Kunimitsu eventually called in Yamamoto for a softer wet compound, but the Japanese driver returned on track nearly 90 seconds down on the race-leading B-Max Nissan - and soon dropped off the lead lap.

Yamamoto's poor pace was part of a wider theme for all the Bridgestone runners, as worsening weather conditions titled the race in favour of the two Michelin-shod Nissan GT-Rs and Nakajima’s Dunlop-shod Honda NSX-GT.

Given that eight of the 15 GT500 cars run on Bridgestone tyres, it was indeed a surprise to see no representation from the Japanese tyre manufacturer on the podium - although Kunimitsu appeared to struggle far more than its fellow Bridgestone-equipped teams.

#1 Team Kunimitsu Honda NSX-GT: Jenson Button, Naoki Yamamoto

#1 Team Kunimitsu Honda NSX-GT: Jenson Button, Naoki Yamamoto

Photo by: Masahide Kamio

Explaining the strategic gamble that possibly cost Kunimitsu its first victory of 2019, Yamamoto said: “We opted for new hard wet tyre when the amount of water [on track] was high, but I was unable to warm up the tyre.

“After that, it was difficult to stay on the track due to the slow pace, so I changed to a soft wet tyre. However, there was only a new [not scrubbed] tyre available and it didn't warm up until the end.

“However, there are some drivers who used the tyres well, so I don’t think it was just a tyre problem.

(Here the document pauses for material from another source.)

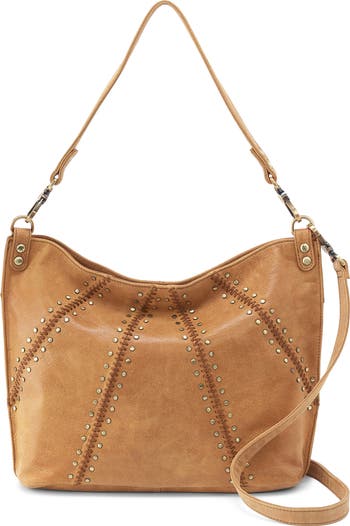 This studded and stitched slouchy bag is shaped from supple leather and easily converts from shoulder to crossbody depending on your mood.
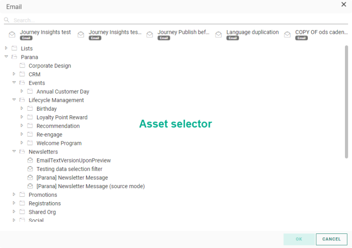 The Asset Selector allows marketers to easily search for and select content for use in journeys. The Asset Selector has the same folder structure as used in the chapters.

More than anything, I think JB [Button] did a good stint and managed first place well - something I wasn’t able to.”


Button and Yamamoto eventually finished eighth, leaving them 38 points off championship leaders Kazuya Oshima and Kenta Yamashita of the LeMans Lexus team.

With only 21 points on offer at the Motegi finale, Sugo officially marked the final blow in their bid to defend the title.

Had Yamamoto held on to win, back-to-back titles for he and Button could still have been in the offing, even though the chances of overhauling the lead Lexus crews in the season finale at Motegi would have been slim.

Kunimitsu's failure to capitalise on its early strong position at Sugo means that only three crews can mathematically win the title in November - and none of them are Hondas.